* _Information given_

Segment Open

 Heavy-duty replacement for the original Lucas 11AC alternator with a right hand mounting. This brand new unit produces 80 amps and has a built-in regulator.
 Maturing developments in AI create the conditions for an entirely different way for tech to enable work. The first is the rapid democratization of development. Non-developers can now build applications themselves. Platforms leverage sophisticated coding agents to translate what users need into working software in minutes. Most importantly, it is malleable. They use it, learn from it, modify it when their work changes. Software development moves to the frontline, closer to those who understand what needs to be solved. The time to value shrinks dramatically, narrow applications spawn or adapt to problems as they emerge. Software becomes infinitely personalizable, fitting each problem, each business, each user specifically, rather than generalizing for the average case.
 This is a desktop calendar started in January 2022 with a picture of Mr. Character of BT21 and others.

Segment Closed
Segment Open

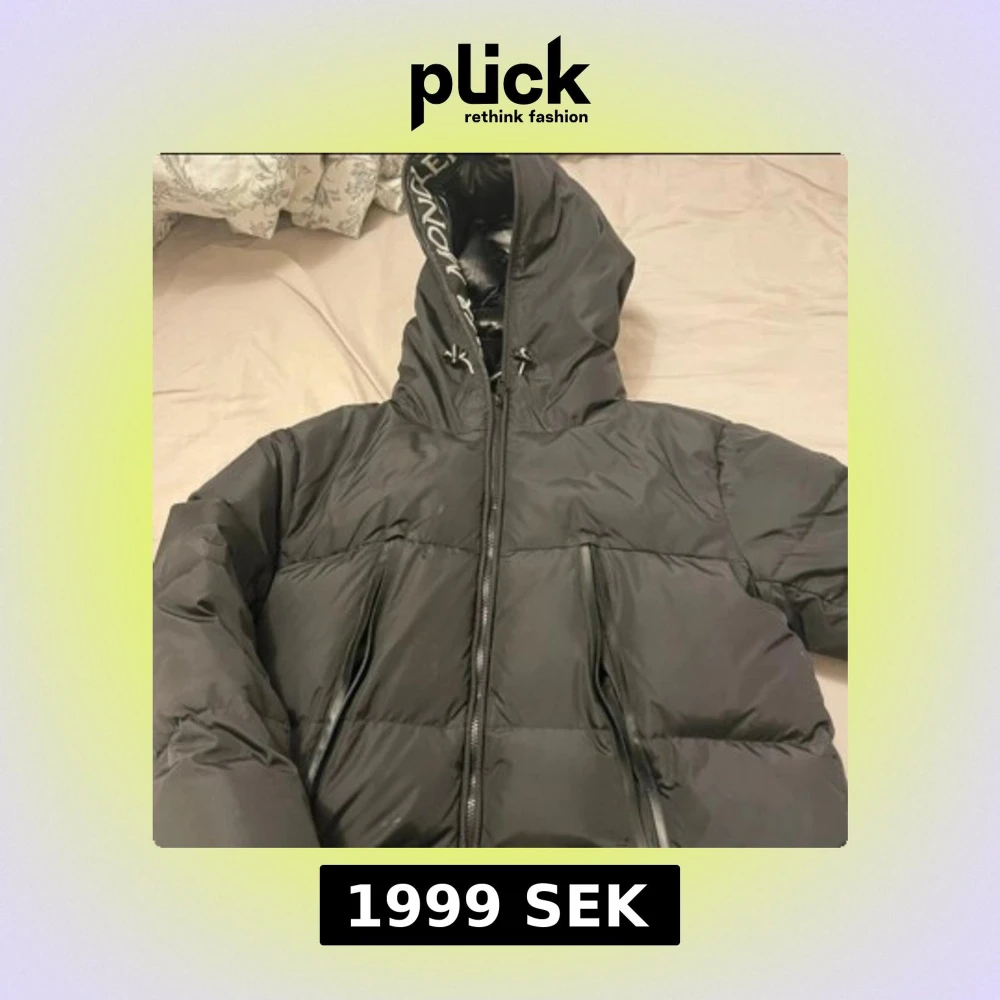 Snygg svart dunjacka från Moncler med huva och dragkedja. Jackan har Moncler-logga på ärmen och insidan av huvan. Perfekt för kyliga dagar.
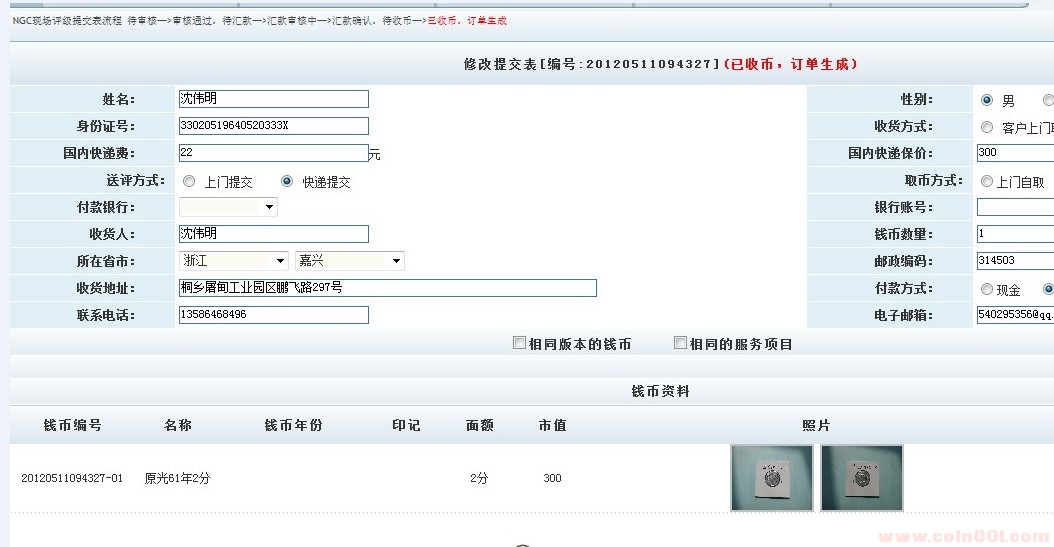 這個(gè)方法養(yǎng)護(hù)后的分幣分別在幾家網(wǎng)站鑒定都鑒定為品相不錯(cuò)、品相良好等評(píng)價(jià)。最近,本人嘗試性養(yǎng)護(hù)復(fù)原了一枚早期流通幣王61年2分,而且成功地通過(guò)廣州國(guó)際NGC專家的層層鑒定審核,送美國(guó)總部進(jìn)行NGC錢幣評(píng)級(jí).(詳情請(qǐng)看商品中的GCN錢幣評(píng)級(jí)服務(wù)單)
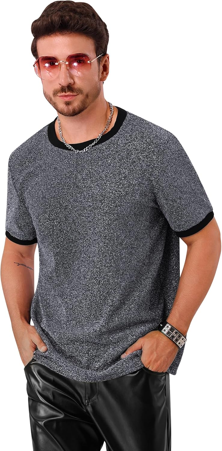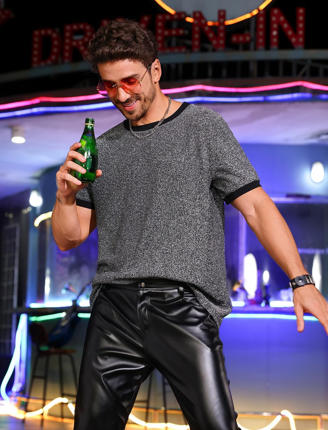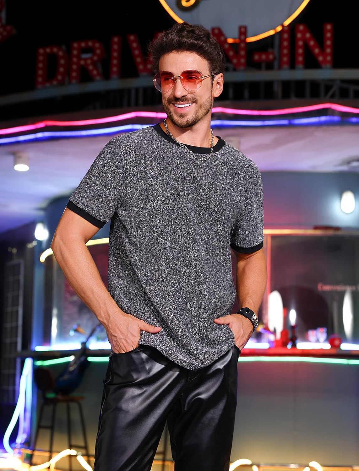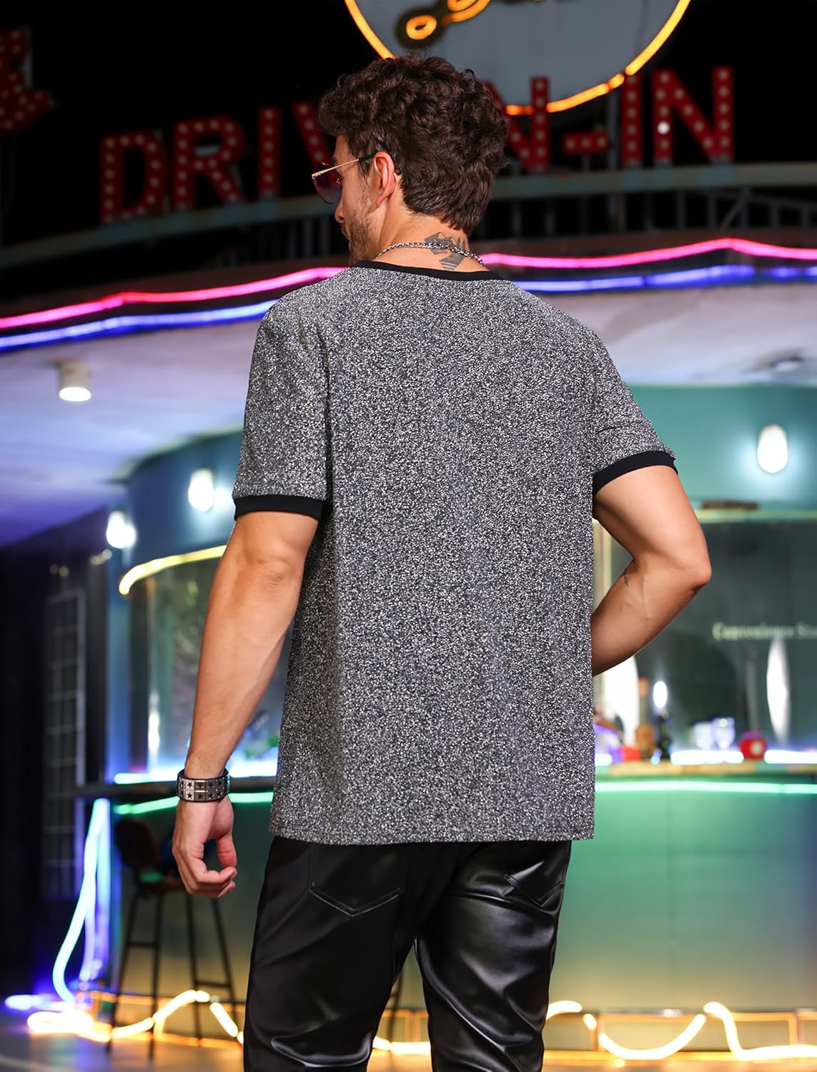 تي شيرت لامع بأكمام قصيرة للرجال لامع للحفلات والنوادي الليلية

Segment Closed
Segment Open

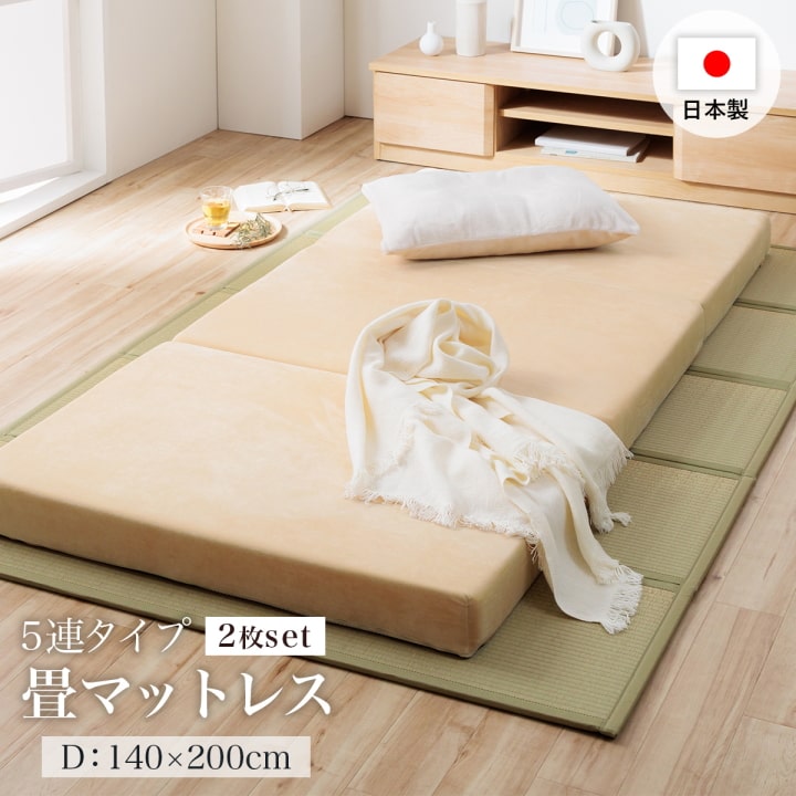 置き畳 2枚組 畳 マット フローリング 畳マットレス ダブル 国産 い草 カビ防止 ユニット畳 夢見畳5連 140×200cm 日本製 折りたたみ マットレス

Segment Closed

* _The problem_
Which lines of the data include the string "This"? Find them and copy each one.

* _Written response_
 Heavy-duty replacement for the original Lucas 11AC alternator with a right hand mounting. This brand new unit produces 80 amps and has a built-in regulator.
 This is a desktop calendar started in January 2022 with a picture of Mr. Character of BT21 and others.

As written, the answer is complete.